The URLConnection class's generic design causes snags when posting to a URL

A pitfall is Java code that compiles fine but leads to erroneous, and sometimes disastrous, results. Avoiding pitfalls can save you hours of frustration. In this article, I will present a pitfall you might encounter when posting to a URL, and another that plagues Java beginners.

Pitfall 5: The hidden complexity of posting to a URL

As the Simple Object Access Protocol (SOAP) and other XML remote procedure calls (RPCs) continue to grow in popularity, posting to a URL will become a more common and more important operation -- it is the method for sending the SOAP or RPC request to the respective server.

While implementing a standalone SOAP server, I stumbled upon multiple pitfalls associated with posting to a URL, starting with the nonintuitive design of the URL-related classes and ending with specific usability pitfalls in the URLConnection class.

A simple HttpClient class would be the most direct way to perform an HTTP post operation on a URL, but after scanning the java.net package, you'll come up empty. Some open source HTTP clients are available, but I have not tested them. (If you have tested those clients, drop me an email regarding their utility and stability.) Interestingly, there is an HttpClient in the sun.net.www.http package that is shipped with the JDK (and used by HttpURLConnection), but it is not part of the public API. Instead, the java.net URL classes were designed to be extremely generic and take advantage of dynamic class-loading of both protocols and content handlers. Before we jump into the specific problems with posting, let's examine the overall structure of the classes we will use (either directly or indirectly).

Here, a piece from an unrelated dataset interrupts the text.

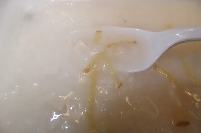 この中華粥とても美味しい。しかし本当にアツアツの朝粥。
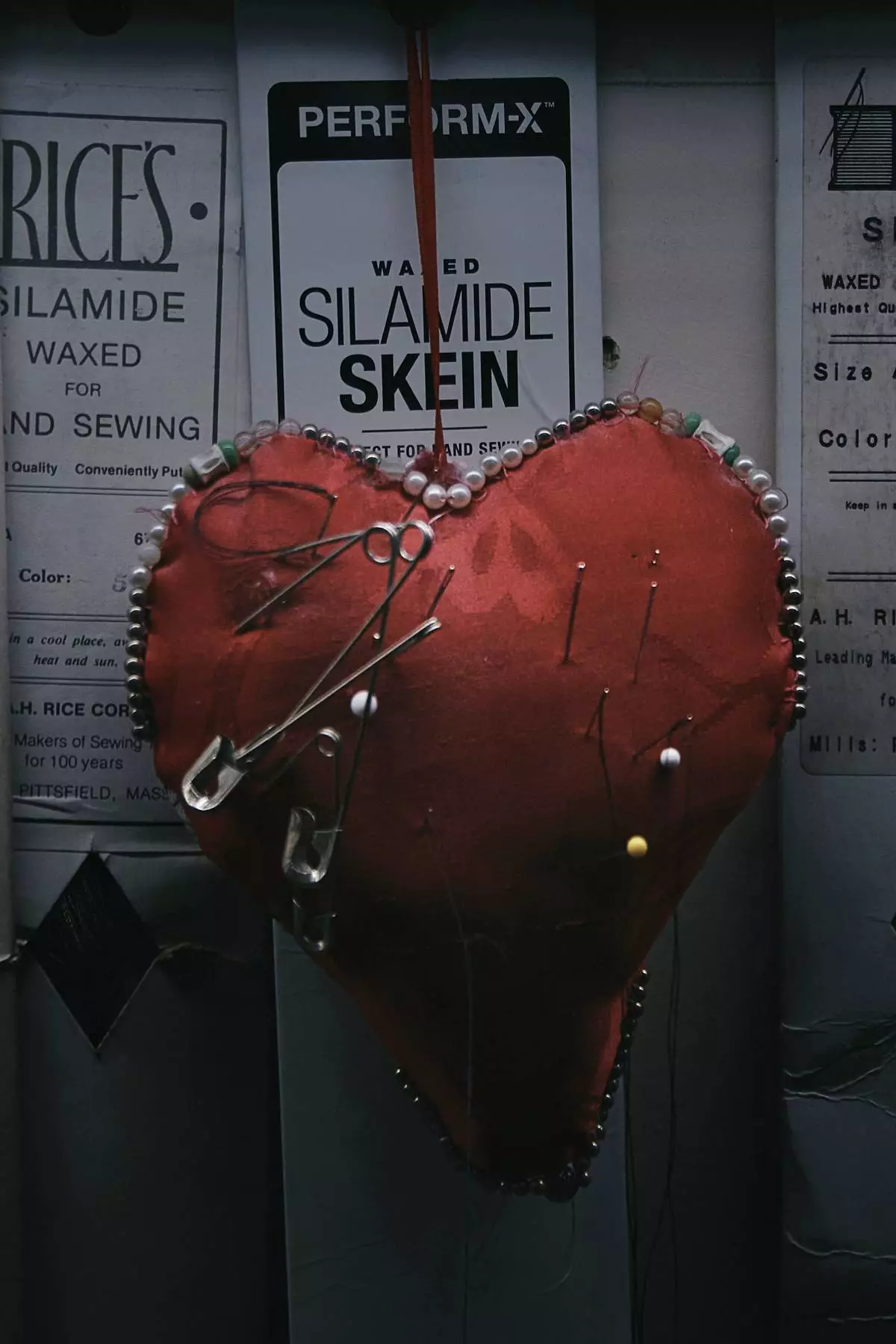 檔案圖片:2026年3月27日,紐約資深裁縫師Kil Bae的工作室牆上掛著一個心形針插。(美聯社圖片/Andres Kudacki, File) AP圖片

This UML diagram of the URL-related classes in the java.net package illustrates the classes' interrelatedness. (The diagram was created with ArgoUML -- see Resources for a link.) For brevity's sake, the diagram shows only key methods and no data members.

URL classes

Pitfall 5 centers on the main class: URLConnection. However, you cannot instantiate that class directly -- it is abstract. Instead, you will receive a reference to a specific subclass of URLConnection via the URL class.

Admittedly, the figure above is complex. The general sequence of events works like this: A static URL commonly specifies the location of some content and the protocol needed to access it. The first time the URL class is used, a URLStreamHandlerFactory singleton is created. That factory generates an URLStreamHandler that understands the access protocol specified in the URL. The URLStreamHandler instantiates the appropriate URLConnection class, which opens a connection to the URL and instantiates the appropriate ContentHandler to handle the content at the URL.

So what is the problem? Because of the classes' overly generic design, they lack a clear conceptual model. In his book, The Design of Everyday Things (Doubleday, 1990), Donald Norman states that one of the primary principles of good design is a sound conceptual model that allows us to "predict the effects of our actions." Some problems with the URL classes' conceptual model include:

  • The URL class is conceptually overloaded. A URL is merely an abstraction for an address or an endpoint. In fact, a better design would feature URL subclasses that differentiate static resources from dynamic services. Missing conceptually is a URLClient class that uses the URL as the endpoint to read from or write to.
  • The URL class is biased toward retrieving data from a URL. There are three methods that retrieve content from a URL, but only one that writes data to a URL. That disparity would be better served with a URL subclass for static resources that only has a read operation; the URL subclass for dynamic services would have both read and write methods. That design would provide a clean conceptual model for use.
  • Calling the protocol handlers "stream" handlers is confusing because their primary purpose is to generate (or build) a connection. A better model would emulate the Java API for XML Processing (JAXP), where a DocumentBuilderFactory produces a DocumentBuilder, which produces a Document. Applying that model to the URL classes would yield a URLConnectorFactory that generates a URLConnector that produces a URLConnection.

Now you are ready to tackle the URLConnection class and attempt to post to a URL. The goal is to create a simple Java program that posts some text to a common gateway interface (CGI) program. To test the programs, I created a simple CGI program in C that echoes (in an HTML wrapper) whatever passes into it. (See Resources to download the source code for any program in this article, including the CGI program.)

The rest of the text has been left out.